George placed this species in subgenus Eperephes, section Pennuligera along with V. comosa, V. lepidophylla, V. chrysostachys, V. aereiflora, V. dichroma, V. x eurardyensis, V. muelleriana, V. albida, V. fragrans, V. venusta, V. forrestii, V. serotina, V. oculata, V. etheliana and V. grandis.

==Distribution and habitat==
This verticordia grows in white, grey, or yellow sand, usually in association with other verticordias, in shrubland or Eucalyptus todtiana woodland.
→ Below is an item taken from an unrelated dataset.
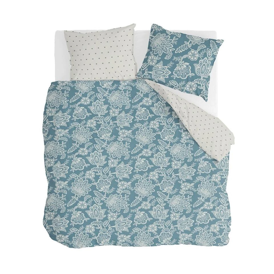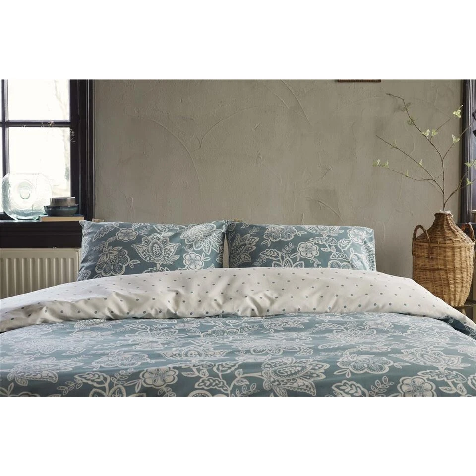 Het dekbedovertrek Country Love heeft aan de voorzijde een Engels bloemenpatroon en aan de achterzijde stipjes op een witte ondergrond. Het is een echte eyecatcher en zorgt voor een romantische sfeer in de slaapkamer. De achterzijde van het overtrek met kleine stipjes geven een speelse look.
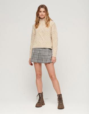 Superdry Aran cable knit polo jumper in ecru

It is only known from areas south of Eneabba in the Geraldton Sandplains biogeographic region.

==Ecology==
The native bee, Dasyhesma argentea has been recorded on this species of verticordia and the insect's name is derived from the plant's name.

==Conservation==
Verticordia argentea is classified as "Priority Two" by the Western Australian Government Department of Parks and Wildlife, meaning that it is poorly known and known from only one or a few locations.

==Use in horticulture==
In cultivation, V. argentea is generally a bushier shrub than in the wild. Although difficult to establish, plants are generally hardy in well-drained soils in full sun. It is difficult to propagate from cuttings but relatively easy from seed, although seed is hard to obtain. Attempts at grafting onto other species' rootstock has not been successful.